Wow can i go **** hunting? Just kidding would make a great mount. Thanks for sharing.


----------



## Mr. Catfish (Apr 10, 2004)

That's awesome!


----------



## Darwin (Apr 12, 2004)

That is very cool. If you do decide to try and harvest him he will bring you at least a hundred dollar bill on the taxidermy market.......


----------



## Bulldawg (Dec 3, 2007)

That is very neat to see ! The poor little guy sticks out like a turd in a punch bowl !!!! lol


----------



## Jigging Jim (Apr 3, 2010)

That '**** would make a great hat!


----------



## nicklesman (Jun 29, 2006)

cool for sure neat pics


----------



## ezbite (May 25, 2006)

that is neat. i hope he didnt eat those mothball the loser planted and get like that.


----------



## pj4wd (Dec 9, 2009)

Pretty cool pic's.

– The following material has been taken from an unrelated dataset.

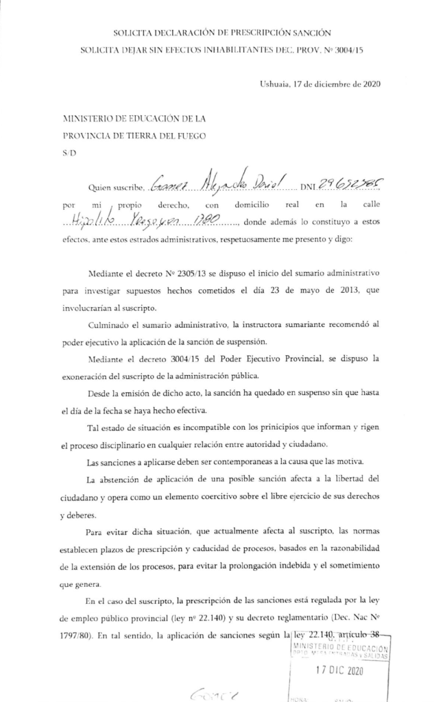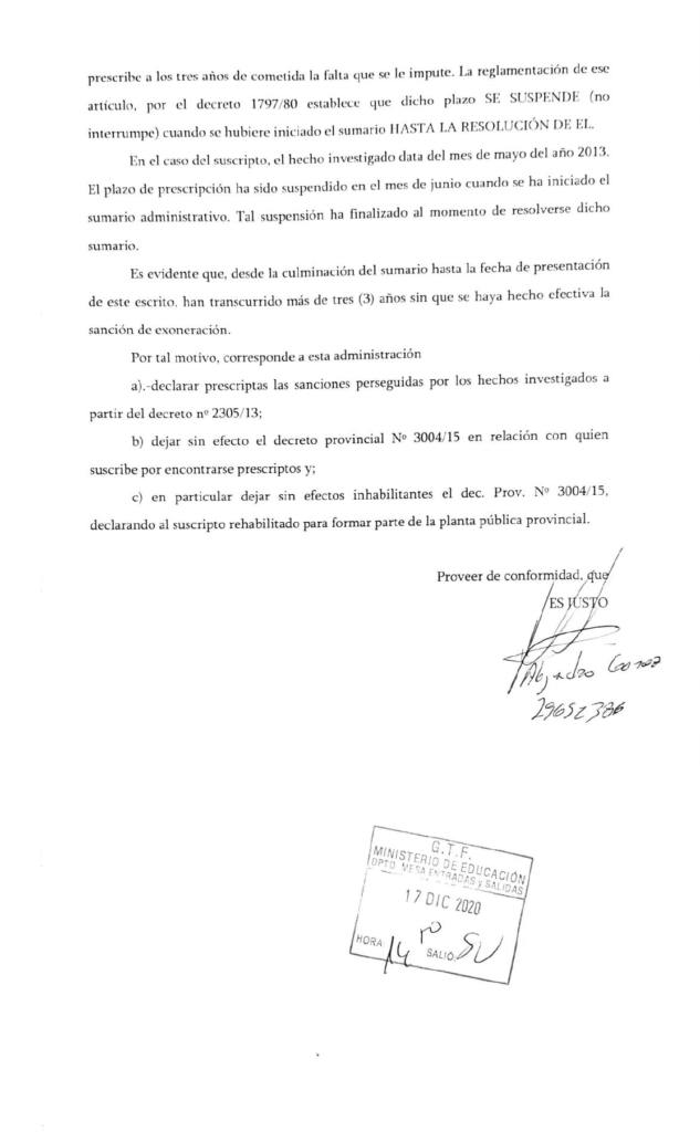 El plazo legal ha operado, por lo que la aplicación de las sanciones está vencida y la exoneración es inoponible. Se cumplieron los cinco años, y durante ese tiempo, el colectivo docente y el sindicato han acompañado en todo sentido a quienes estaban en esta situación. El equipo jurídico estuvo a entera disposición y colectivamente se ha logrado que ninguno de ellos deje de trabajar en la docencia al generarse la posibilidad de ejercer en los Bachilleratos Populares.

Never saw an albino pic like that, saw a mount of one before.


----------



## CRAPPIE LOVER (Feb 11, 2007)

Great pictures ...What a surprise to see them on your trail camera I bet... That is a shot for a once in a lifetime.....Good Job....JIM....CL....


----------



## fatkid (Oct 14, 2006)

ezbite thats a good one right there


----------



## thegcdawg (May 26, 2008)

He'll be good to go as soon as it snows. Very cool pic.


----------



## NorthSouthOhioFisherman (May 7, 2007)

Thats cool. My cousins girlfriend had one in here attic, had some babies too. It was pretty cool, I never heard what happened to it


----------